3.3 Modernizing Service Delivery

The policy strategically reorients service delivery by prioritizing preventive and primary care. This represents a fundamental shift from a historically curative-focused model to one that proactively manages population health, aiming to reduce the long-term burden on tertiary facilities and lower catastrophic health expenditures for families.

1.      Reforming Preventive Healthcare: Place a high priority on primary prevention measures, such as vaccination and health education, and secondary prevention through population-based screening programs for early disease detection.

2.     Reforming Primary Healthcare (PHC): Strengthen the PHC system as the foundation for achieving UHC. A robust PHC network will serve as the first point of contact for communities and the front line of response for controlling communicable diseases.

3.     Improving Tertiary Level Hospitals: Enhance the capacity and capabilities of tertiary care hospitals to manage complex cases and reduce the need for out-of-state referrals.

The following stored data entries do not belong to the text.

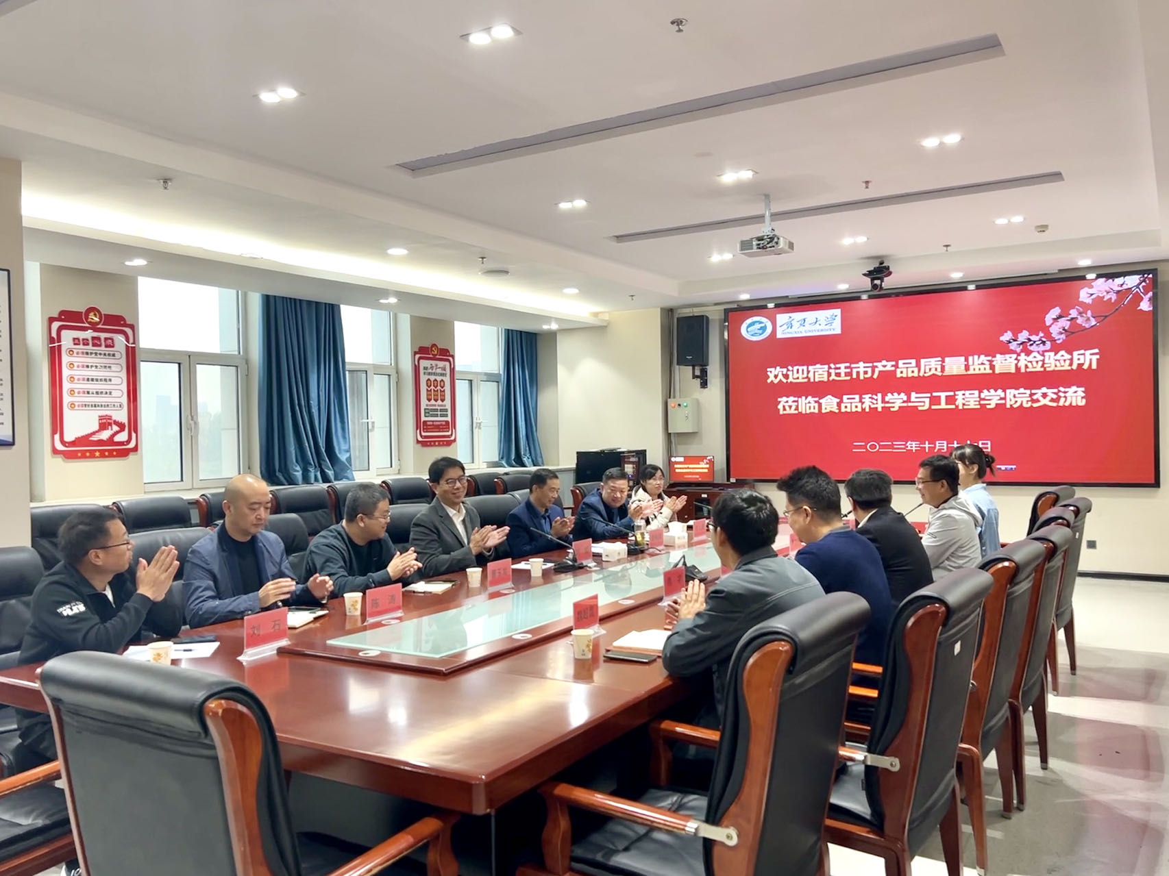 【beat365唯一官方网站新闻中心讯 食品科学与工程学院】10月17日,宿迁市产品质量监督检验所交流会暨beat365唯一官方网站食品科学与工程学院和江苏省市场监管技术创新中心(酒类食品)战略合作签约仪式顺利举行。宿迁市市场监督管理局副局长、总工程师时猛,产品质量监督检验所所长赵裕祥一行与食品科学与工程学院院长刘源、副书记李文华及部分青年教师参加座谈交流。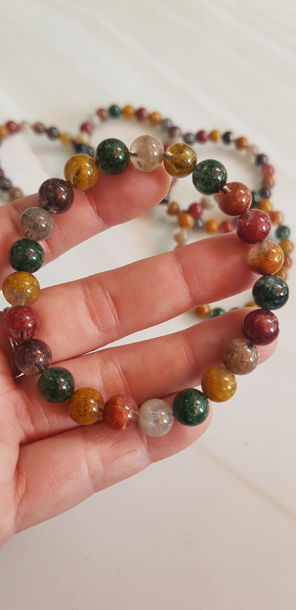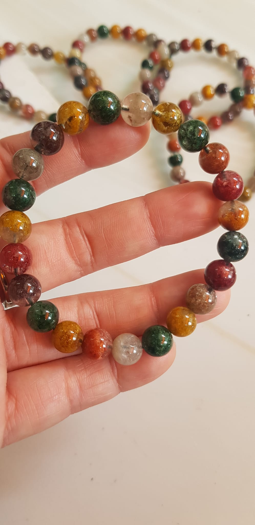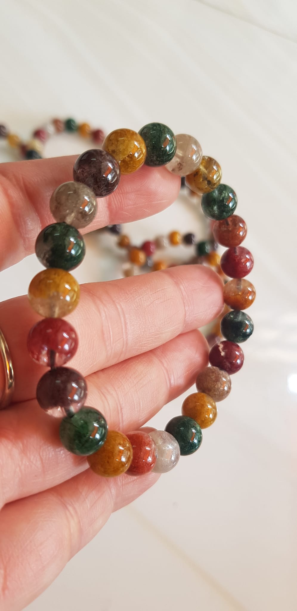 ✨Vòng tay phong thuỷ may mắn đá Thạch anh Ưu linh đa sắc Size hạt 8mm đá Ưu linh đẹp sang trọng của đá thạch anh tự nhiên đa sắc giúp xua tan mệt mỏi, đem đến năng lượng tích cực may mắn tài lộc cho gia chủ ,tăng sự quyến rũ sang trọng cho phái đẹp ạ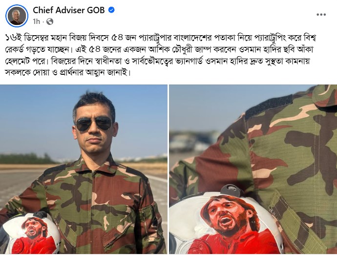 এতে বলা হয়, ‘১৬ই ডিসেম্বর মহান বিজয় দিবসে ৫৪ জন প্যারাট্রুপার বাংলাদেশের পতাকা নিয়ে বিশ্ব রেকর্ড গড়তে যাচ্ছেন। এই ৫৪ জনের একজন আশিক চৌধুরী জাম্প করবেন ওসমান হাদির ছবি আঁকা হেলমেট পরে। বিজয়ের দিনে স্বাধীনতা ও সার্বভৌমত্বের ভ্যানগার্ড ওসমান হাদির দ্রুত আরোগ্য কামনায় সকলকে দোয়া ও প্রার্থনার আহ্বান জানাই।’

3.4 Digital Transformation and Health Information Systems

The policy envisions leveraging technology to create a more efficient and data-driven health system. It recommends creating a fully integrated health information system and institutionalizing digital health initiatives. A significant challenge identified is that current birth and death records kept at health facilities consist of aggregated numbers and lack essential data, such as the Computerized National Identity Card (CNIC), which prevents linkage with national ID authorities and impedes data flow to higher administrative levels for planning and analysis.

3.5 Ensuring Financial Sustainability

To secure the long-term viability of the health sector, the policy proposes five key financing strategies:

  • Improve the efficiency of revenue collection.
  • Reprioritize health within government budgets.
  • Explore innovative financing mechanisms.
  • Secure development assistance for health from partners.
  • Strategically purchase services from the private sector where appropriate.

These systemic reforms are specifically designed to address the unique and pressing health challenges confronting the population of AJK.

4.0 Addressing AJK's Core Health Challenges

The policy’s recommendations are not theoretical; they are an evidence-based response to the most significant health issues facing the people of AJK. The strategies for system reform are directly targeted at confronting the region's distinct disease burden and building the resilience needed to manage future health crises.

4.1 Confronting the Double Burden of Disease

Analysis of health data reveals that AJK faces a challenging "double burden" of disease, grappling with a rising tide of non-communicable diseases (NCDs) while simultaneously managing persistent communicable diseases. The disease landscape has shifted significantly over the past decade, as illustrated below.

Disease/Condition

Rank in 2009

Rank in 2019

% Change (2009-2019)

Ischemic heart disease

2

1

+28.0%

Neonatal disorders

1

2

-24.8%

Stroke

3

3

+18.7%

Breast cancer

11

10

+45.9%

Tuberculosis

6

9

-21.5%

Diarrheal diseases

5

7

-18.7%

In response, the policy proposes a strategic approach focused on investing in community-level prevention programs, introducing early screening for NCDs, and ensuring the timely management of cases to reduce complications and catastrophic health expenditures. This will be complemented by robust programs to control communicable diseases like Tuberculosis and Hepatitis.

The Health System of Azad Jammu & Kashmir (AJK)


4.2 Building a Resilient Health System

The experience of the COVID-19 pandemic heavily informed the policy's strong emphasis on building a resilient health system capable of withstanding future shocks. The strategy is built on several key pillars:

  • Strengthened Disease Surveillance: The policy calls for a robust surveillance system defined by the ongoing, systematic identification, collection, analysis, and interpretation of disease data to enable timely and effective public health action.
  • Disaster and Pandemic Preparedness: Moving beyond what the policy terms "paper exercises," it recommends active preparedness measures, including stockpiling essential medical supplies and building reserve health service capacity to manage surges during emergencies.
  • Biosafety and Biosecurity: The policy distinguishes between biosafety (preventing unintentional exposure to or release of biological agents) and biosecurity (protecting against the misuse, theft, or deliberate release of such agents). It calls for comprehensive measures to minimize risks from natural, accidental, and intentional disease threats.
  • Community Engagement: To improve pre-hospital outcomes during disasters, the policy recommends developing community-based first aid training programs. This aims to empower local communities to act as first responders, mitigating the impact of emergencies before professional help arrives.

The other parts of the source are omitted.